Pada masa penjajahan Jepang di Indonesia, Bukittinggi dijadikan sebagai pusat pengendalian pemerintahan militer Jepang di kawasan Sumatera, Singapura dan Thailand. Nama kota diganti menjadi Bukittinggi Si Yaku Sho dan mengalami perluasan daerah dari nagari – nagari di sekitarnya yaitu Sianok Anam Suku, Gadut, Kapau, Ampang Gadang, Batu Taba dan Bukit Batabuah. Bukittinggi ditetapkan sebagai ibukota Propinsi Sumatera pada 9 Juni 1947, dengan Gubernur Mr. Teuku Muhammad Hasan. Sejarah panjang Bukittinggi inilah yang kemudian menjadikannya sebagai ibukota PDRI dalam sejarah Hari Bela Negara.
Peringatan Hari Bela Negara
Untuk memahami mengapa sejarah Hari Bela Negara perlu diperingati, maka perlu diketahui lebih dulu mengenai istilah bela negara itu sendiri.
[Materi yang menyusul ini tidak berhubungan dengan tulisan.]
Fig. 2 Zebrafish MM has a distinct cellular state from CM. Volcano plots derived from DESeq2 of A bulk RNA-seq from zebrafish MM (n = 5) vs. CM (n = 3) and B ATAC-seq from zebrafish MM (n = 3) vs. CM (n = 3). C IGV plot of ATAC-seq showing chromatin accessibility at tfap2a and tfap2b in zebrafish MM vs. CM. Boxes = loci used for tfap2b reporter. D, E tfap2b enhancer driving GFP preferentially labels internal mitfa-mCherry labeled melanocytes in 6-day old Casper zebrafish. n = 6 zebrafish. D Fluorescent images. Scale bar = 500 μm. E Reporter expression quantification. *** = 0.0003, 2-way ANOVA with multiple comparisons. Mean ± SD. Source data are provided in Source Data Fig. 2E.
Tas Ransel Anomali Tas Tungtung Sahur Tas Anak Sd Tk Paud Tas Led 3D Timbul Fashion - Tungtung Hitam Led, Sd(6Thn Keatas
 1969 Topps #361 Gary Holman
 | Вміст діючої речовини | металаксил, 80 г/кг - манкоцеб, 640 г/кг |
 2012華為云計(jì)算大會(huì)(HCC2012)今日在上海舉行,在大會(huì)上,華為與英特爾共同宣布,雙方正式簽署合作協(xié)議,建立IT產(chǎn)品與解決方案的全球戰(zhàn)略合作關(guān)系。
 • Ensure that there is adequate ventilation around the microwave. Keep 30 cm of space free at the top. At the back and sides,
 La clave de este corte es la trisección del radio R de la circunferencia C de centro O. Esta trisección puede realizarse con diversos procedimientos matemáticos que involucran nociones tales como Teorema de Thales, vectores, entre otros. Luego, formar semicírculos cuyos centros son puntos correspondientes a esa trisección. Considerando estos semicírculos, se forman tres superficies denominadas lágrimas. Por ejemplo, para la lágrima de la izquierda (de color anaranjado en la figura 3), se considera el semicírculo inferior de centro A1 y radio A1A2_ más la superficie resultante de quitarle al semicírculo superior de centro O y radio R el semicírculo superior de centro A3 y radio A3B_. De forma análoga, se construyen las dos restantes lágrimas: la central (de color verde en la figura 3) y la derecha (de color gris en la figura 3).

Bela negara adalah sikap dan perilaku dari warga negara yang timbul dari rasa cintanya pada NKRI berdasarkan Pancasila dan UUD 1945. Bela negara dilakukan sebagai upaya untuk mempertahankan kelangsungan hidup bangsa dan negara. Upaya untuk mempertahankan tersebut termasuk rasa cinta tanah air, kesadaran dalam berbangsa dan bernegara, keyakinan pada Pancasila sebagai ideologi negara, juga rela berkorban untuk negara dan bangsa dengan bekal kemampuan awal untuk membela negara.
Peringatan sejarah Hari Bela Negara biasanya diselenggarakan oleh Kementerian Pertahanan. Pada peringatah Hari Bela Negara ke 65, 21 Desember 2013 Menhan Purnomo Yusgiantoro meresmikan pembangunan Monumen Nasional Bela Negara di area seluas 40 hektar, berlokasi di Jorong Sungai Siriah, Nagari Koto Tinggi, Kecamatan Gunung Omeh, Kabupaten Lima Puluh Kota, Sumatera Barat. Menurut Menhan Ryamizard Ryacudu pada kegiatan peringatan Bela Negara 2017 di Manado, peringatan sejarah Hari Bela Negara dilakukan untuk dapat membangun karakter yang disiplin, optimis, taat kepada hukum, mau bekerja keras untuk negara dan bangsanya, taat kepada Tuhan sesuai agama masing – masing untuk turut menjamin kelangsungan hidup bangsa serta negaranya sendiri.
Hingga saat ini Kementerian Pertahanan melaksanakan pendidikan bela negara secara rutin di 34 Propinsi di semua lingkungan termasuk pendidikan, lingkungan kerja dan pemukiman. Hasilnya jumlah kader bela negara mengalami peningkatan secara nasional hingga pada tahun 2017 telah mencapai 74,3 juta jiwa.